*Exercise:*
When you write out the listing, keep every word as it stands and drop the pictures.

*Listed records:*
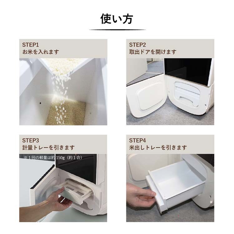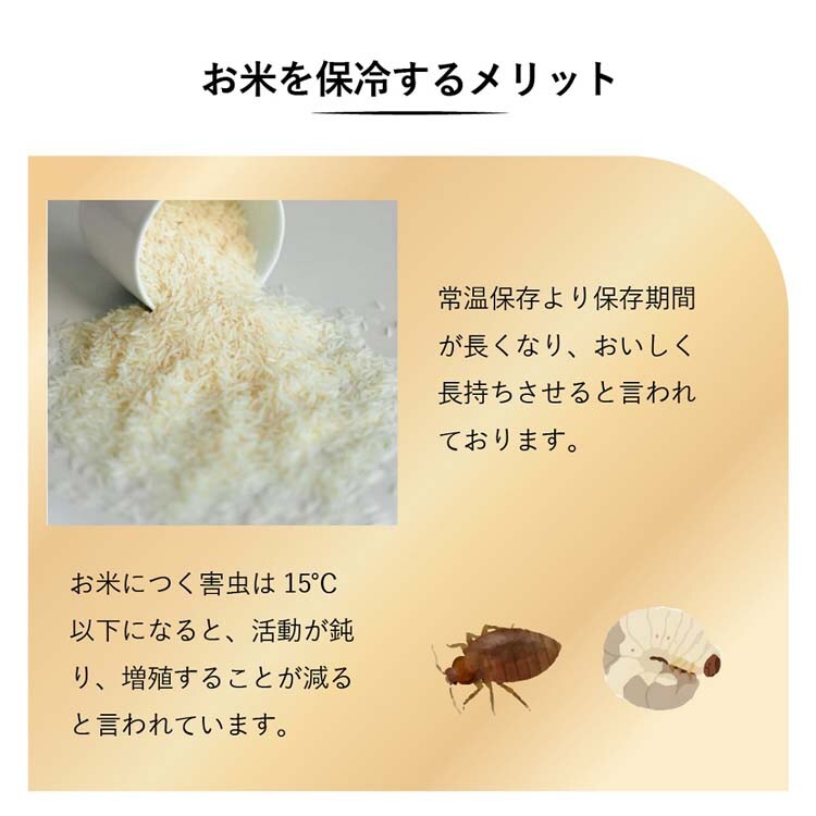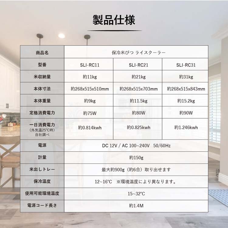 | ・本体外形寸法:約 (W)268×(D)515×(H)510mm ・本体質量:約9kg ・電源:DC 12V / AC 100-240V 50/60Hz ・定格消費電力:75W ・一日消費電力:約0.814kwh(外気温25度時) ・米収納量:約11kg ・コード長さ:約1.4m ・計量:約150g ・米だしトレー:最大約900g(約6合)まで取り出せます ・保冷温度:12度-16度 ※環境温度により異なります |
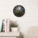 Bring a high-energy and powerful focal point of faith into your home with this realistic Calvary-themed wall clock. The central face features a high-definition graphic of three silhouette crosses atop a rocky, grass-covered hill under a dramatic, cloud-filled sky illuminated by a distant sunset glow. While the artwork masterfully mimics the textured depth of a natural landscape and the outer rim appears to be crafted from weathered, dark-stained timber, this is a lightweight and durable graphic timepiece rather than actual wood or stone. The elevated, golden-style numeric markers provide a professional and polished contrast against the atmospheric backdrop, ensuring the time is easy to read at a glance. This timepiece serves as a sophisticated addition to a study or living area, making it a perfect and meaningful self-gift for those who value high-quality spiritual art.
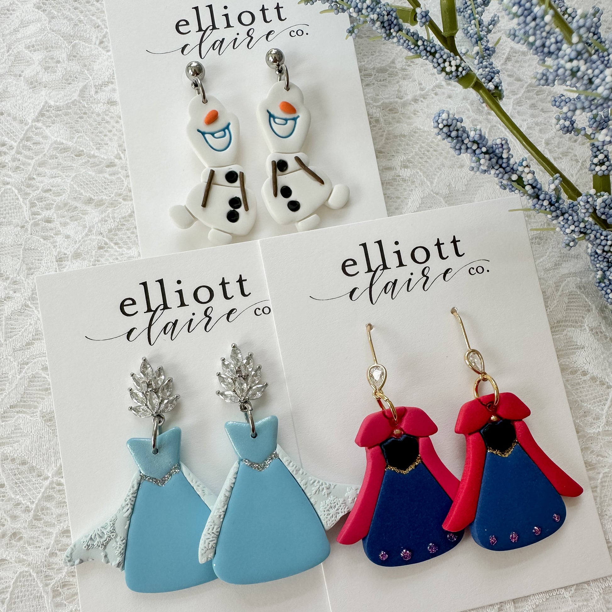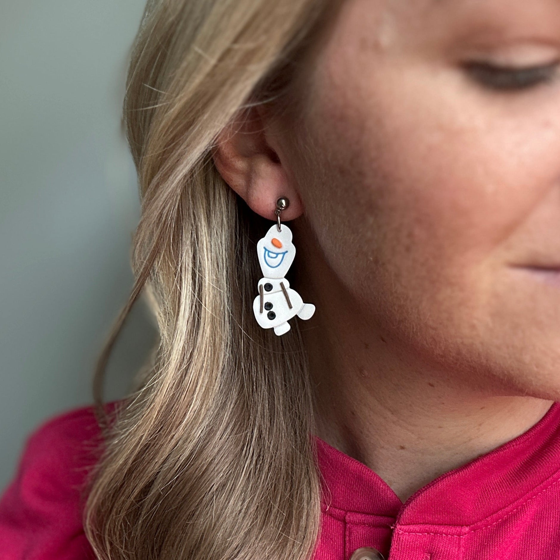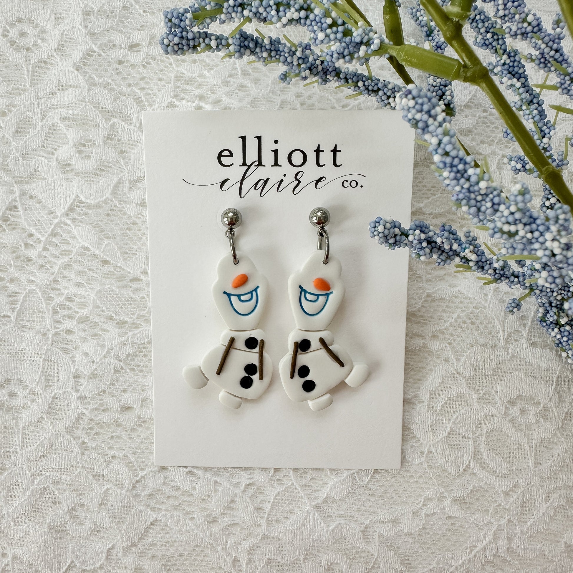 Handmade clay dangles measuring 2 inches in length with a silver ball point post.
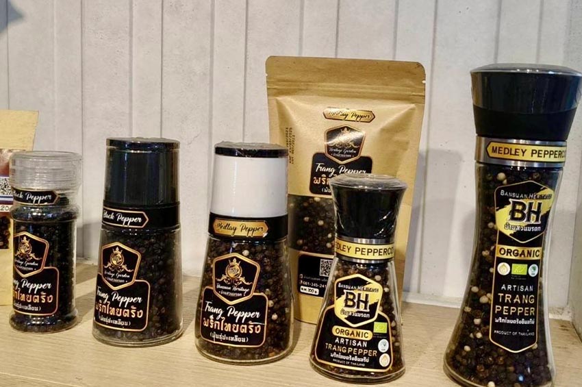 โดยได้ลงพื้นที่ไปยังบริษัท บ้านสวนมรดกพริกไทยตรัง จำกัด ตำบลทุ่งกระบือ อำเภอย่านตาขาว จังหวัดตรัง ซึ่งมีนายบัณฑิต ภิรมย์ทอง กรรมการผู้จัดการบริษัทบ้านสวนมรดกพริกไทยตรัง จำกัด ให้ข้อมูลด้านการปลูกพริกไทย พร้อมทั้งนำเยี่ยมชมแปลงปลูกพริกไทย ที่เป็นสินค้า GI ของจังหวัดตรัง รวมทั้งเป็นพริกไทยตรังอินทรีย์ มาตรฐาน EU Organic ผ่านมาตรฐาน อย. เป็นพริกไทยพันธุ์พื้นเมืองของจังหวัดตรังมานานกว่า 100 ปี รวมทั้งเป็นพืชสมุนไพรที่มีสรรพคุณทางยา ด้วยเป็นหนึ่งในพริกไทยที่มีสารสำคัญช่วยลดลิ่มเลือดในสมอง ซึ่งปัจจุบันผลิตไม่เพียงพอกับความต้องการของตลาด
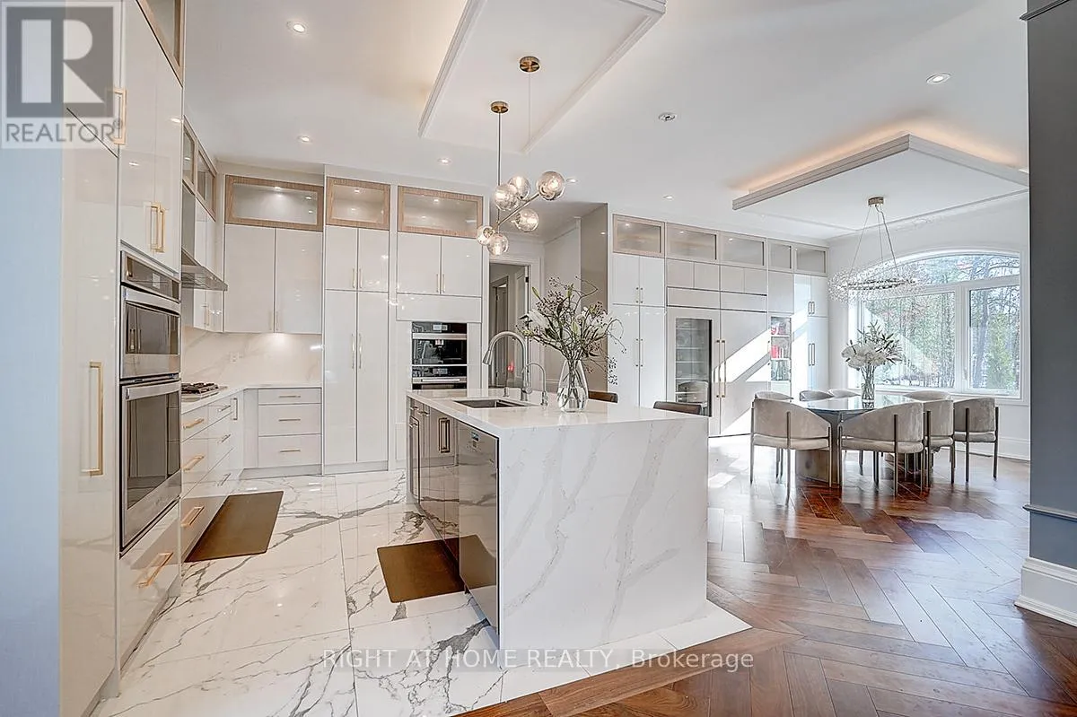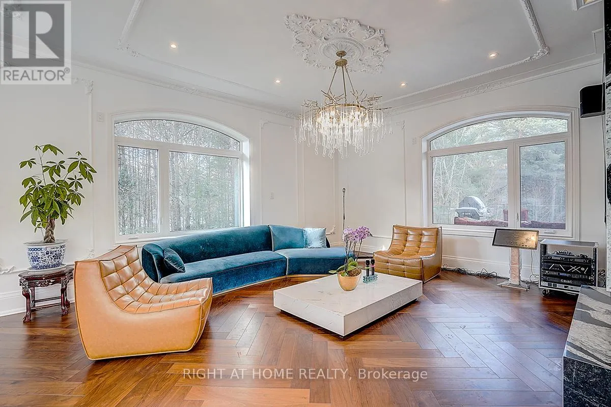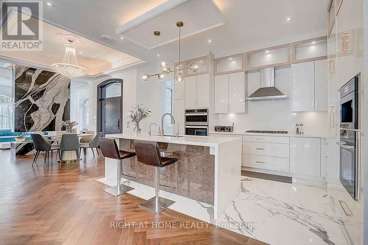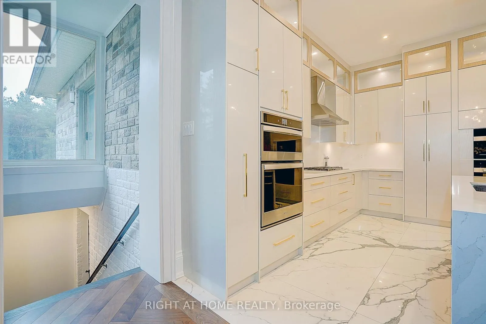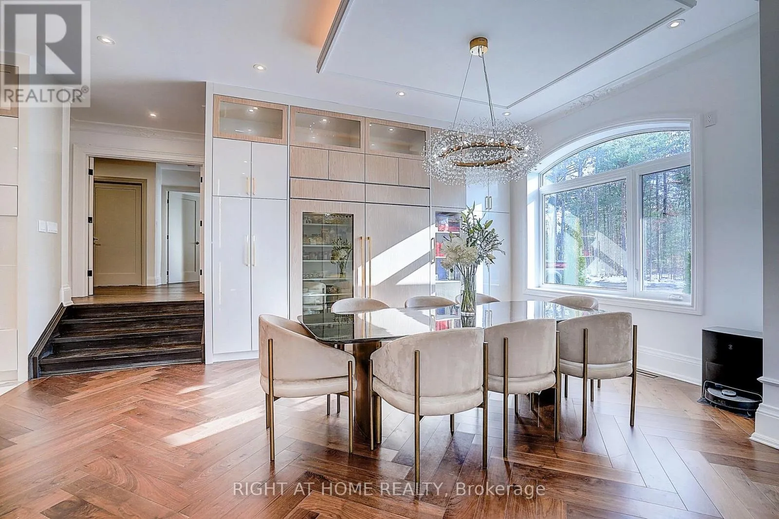 Aurora Rd & Mccowan Rare Modern French Luxury Bungalow Estate. A rare offering in today's market, this exceptional Modern French-inspired luxury bungalow redefines high-end living by seamlessly combining estate-level luxury with unparalleled everyday convenience-all on one expansive level. Set on a 2-acre private lot backing onto an endless forest, the home welcomes you with a crescent-shaped driveway and refined architectural detailing. Inside 12' ceiling (Main), solid walnut chevron flooring, custom plaster wall trims, medallion ceilings, and a dramatic floating marble TV and fireplace wall reflect timeless Modern French craftsmanship. The gourmet kitchen is fully equipped with elite appliances, including a 72" see-through Sub-Zero refrigerator and freezer, Wolf gas cooktop, and Miele built-in coffee machine, steam oven, and dishwasher-designed to elevate daily living hile supporting effortless entertaining. The main-level primary suite offers a true spa retreat, featuring a luxury ensuite bathroom with wet sauna, premium fixtures, and smart toilets that enhance comfort and hygiene throughout. An elegant entryway with floating custom cabinetry provides discreet and functional storage. What truly sets this bungalow apart is its fully developed 3,000-square-foot lower level, thoughtfully designed for both lifestyle and recreation. It includes a professional dance studio (10'), gym, walk-in temperature-controlled wine cellar, traditional wood sauna, snooker area, private Home Theater, and an additional ensuite bedroom-ensuring space for every passion without sacrificing main-floor convenience. The three-car garage features a golf simulator room and an upper loft offering exceptional flexibility. Outdoor living is elevated with a super-sized concrete rooftop deck, creating a four-season retreat surrounded by nature. An extended concrete driveway into the backyard further enhances functionality and scale. (id:27476)

*Reply to the exercise:*
 | ・本体外形寸法:約 (W)268×(D)515×(H)510mm ・本体質量:約9kg ・電源:DC 12V / AC 100-240V 50/60Hz ・定格消費電力:75W ・一日消費電力:約0.814kwh(外気温25度時) ・米収納量:約11kg ・コード長さ:約1.4m ・計量:約150g ・米だしトレー:最大約900g(約6合)まで取り出せます ・保冷温度:12度-16度 ※環境温度により異なります |
 Bring a high-energy and powerful focal point of faith into your home with this realistic Calvary-themed wall clock. The central face features a high-definition graphic of three silhouette crosses atop a rocky, grass-covered hill under a dramatic, cloud-filled sky illuminated by a distant sunset glow. While the artwork masterfully mimics the textured depth of a natural landscape and the outer rim appears to be crafted from weathered, dark-stained timber, this is a lightweight and durable graphic timepiece rather than actual wood or stone. The elevated, golden-style numeric markers provide a professional and polished contrast against the atmospheric backdrop, ensuring the time is easy to read at a glance. This timepiece serves as a sophisticated addition to a study or living area, making it a perfect and meaningful self-gift for those who value high-quality spiritual art.
 Handmade clay dangles measuring 2 inches in length with a silver ball point post.
 โดยได้ลงพื้นที่ไปยังบริษัท บ้านสวนมรดกพริกไทยตรัง จำกัด ตำบลทุ่งกระบือ อำเภอย่านตาขาว จังหวัดตรัง ซึ่งมีนายบัณฑิต ภิรมย์ทอง กรรมการผู้จัดการบริษัทบ้านสวนมรดกพริกไทยตรัง จำกัด ให้ข้อมูลด้านการปลูกพริกไทย พร้อมทั้งนำเยี่ยมชมแปลงปลูกพริกไทย ที่เป็นสินค้า GI ของจังหวัดตรัง รวมทั้งเป็นพริกไทยตรังอินทรีย์ มาตรฐาน EU Organic ผ่านมาตรฐาน อย. เป็นพริกไทยพันธุ์พื้นเมืองของจังหวัดตรังมานานกว่า 100 ปี รวมทั้งเป็นพืชสมุนไพรที่มีสรรพคุณทางยา ด้วยเป็นหนึ่งในพริกไทยที่มีสารสำคัญช่วยลดลิ่มเลือดในสมอง ซึ่งปัจจุบันผลิตไม่เพียงพอกับความต้องการของตลาด
 Aurora Rd & Mccowan Rare Modern French Luxury Bungalow Estate. A rare offering in today's market, this exceptional Modern French-inspired luxury bungalow redefines high-end living by seamlessly combining estate-level luxury with unparalleled everyday convenience-all on one expansive level. Set on a 2-acre private lot backing onto an endless forest, the home welcomes you with a crescent-shaped driveway and refined architectural detailing. Inside 12' ceiling (Main), solid walnut chevron flooring, custom plaster wall trims, medallion ceilings, and a dramatic floating marble TV and fireplace wall reflect timeless Modern French craftsmanship. The gourmet kitchen is fully equipped with elite appliances, including a 72" see-through Sub-Zero refrigerator and freezer, Wolf gas cooktop, and Miele built-in coffee machine, steam oven, and dishwasher-designed to elevate daily living hile supporting effortless entertaining. The main-level primary suite offers a true spa retreat, featuring a luxury ensuite bathroom with wet sauna, premium fixtures, and smart toilets that enhance comfort and hygiene throughout. An elegant entryway with floating custom cabinetry provides discreet and functional storage. What truly sets this bungalow apart is its fully developed 3,000-square-foot lower level, thoughtfully designed for both lifestyle and recreation. It includes a professional dance studio (10'), gym, walk-in temperature-controlled wine cellar, traditional wood sauna, snooker area, private Home Theater, and an additional ensuite bedroom-ensuring space for every passion without sacrificing main-floor convenience. The three-car garage features a golf simulator room and an upper loft offering exceptional flexibility. Outdoor living is elevated with a super-sized concrete rooftop deck, creating a four-season retreat surrounded by nature. An extended concrete driveway into the backyard further enhances functionality and scale. (id:27476)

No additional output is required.